Good Things

On September 15, 2015

This photo was possible after an enormously generous person with absolutely no ulterior motive and a very big truck pulled my camper to its final destination. I am incomprehensibly grateful.

Day 42: I was so wrong about “managing fear”.

All this time, I thought that “managing fear” meant “controlling fear”, “decreasing the size of fear”, “keeping fear corralled”. Well, this is really hard, if not impossible, to do, and I never made much progress at it. Because, emotions are really deep inside, in the old, dark parts of our brains, and they do their own thing, and really, the conscious mind doesn’t have much of a say.

What I finally learned I can do is “change my relationship to fear” and “choose how to react to fear”.

Changing my relationship to fear. Not fearing it. Not buying into it. Not fighting it. Not indulging. Letting it be there, but not allowing it to make decisions for me. No kidding, this is still hard. But allowing something to exist in space, but not make it the focus, is a lot easier and a lot less exhausting than the endless resistance fight. And, it’s something I can practice in incremental portions, let it be for a few seconds before I resist. Let it be for a minute… and during that letting be, more often than not, it loses some of its power.

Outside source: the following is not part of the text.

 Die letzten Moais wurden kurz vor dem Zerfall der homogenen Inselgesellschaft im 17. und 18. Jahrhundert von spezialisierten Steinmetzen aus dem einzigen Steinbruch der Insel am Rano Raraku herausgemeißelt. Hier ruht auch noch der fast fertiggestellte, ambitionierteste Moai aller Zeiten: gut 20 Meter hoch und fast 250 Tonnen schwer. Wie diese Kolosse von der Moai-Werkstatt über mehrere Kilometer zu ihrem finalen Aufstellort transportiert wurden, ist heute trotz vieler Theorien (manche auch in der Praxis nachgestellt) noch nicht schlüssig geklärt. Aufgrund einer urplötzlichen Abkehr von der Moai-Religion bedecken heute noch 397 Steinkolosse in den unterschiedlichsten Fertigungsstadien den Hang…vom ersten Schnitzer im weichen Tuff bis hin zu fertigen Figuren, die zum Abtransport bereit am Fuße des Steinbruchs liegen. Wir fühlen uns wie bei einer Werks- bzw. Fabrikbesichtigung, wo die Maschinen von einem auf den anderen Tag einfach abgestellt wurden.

The second part of this relationship is cultural. I live in a culture far away from jungles full of tigers, and fear is considered something negative, that shows I am weak, spineless, cowardly, and even stupid. Being afraid is thus morally wrong. That doesn’t help. Awareness of this view does…a little.

Choosing how to react to fear. When I am not totally consumed, I can choose to do something that I am afraid of, such as putting a story up for all to see, or accept help, or do something for its reward, even if I have too much fear to enjoy the process. And it gets a little bit easier every time, because desensitization works.

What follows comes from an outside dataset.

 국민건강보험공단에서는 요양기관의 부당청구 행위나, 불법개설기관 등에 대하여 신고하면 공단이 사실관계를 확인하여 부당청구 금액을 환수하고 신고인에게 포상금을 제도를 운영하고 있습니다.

So what about freezing up when that deer crosses the road as I am cruising down the highway? There are monks that are never startled, because they have no expectation of what’s supposed to come next. And since fear is triggered from expectation of something dangerous and negative, well, no expectation, no fear. Not having expectation happens when I am completely in the moment. It happens randomly, when I get into “the zone” sometimes. The great news is that this is a skill, and skill I can learn. Even if it takes ten thousand hours.

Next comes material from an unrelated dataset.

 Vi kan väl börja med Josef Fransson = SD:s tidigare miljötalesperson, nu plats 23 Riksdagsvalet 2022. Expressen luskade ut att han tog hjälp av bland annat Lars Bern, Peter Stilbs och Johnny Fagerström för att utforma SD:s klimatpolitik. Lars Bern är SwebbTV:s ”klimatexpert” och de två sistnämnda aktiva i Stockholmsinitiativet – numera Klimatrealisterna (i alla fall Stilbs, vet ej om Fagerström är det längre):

#100happydays #100happydaychallenge

Day 19: Money. The dirty word. And the big fat lie. "Money does not make you happy." The first response may be, "but it allows you to get goods and services that do. The fresh warm bread on your table. The shelter for the night. A visit to the doctor." At the second level, money itself is a safety net. Not everyone has family. It's your buffer between home and a government-run nursery home. Independence. The ability to help others. In the biggest picture, nothing can "make" you happy; it's a View and it can be learned and practiced from any external situation. But in the world we have made for ourselves, money is the currency for pretty much everything else.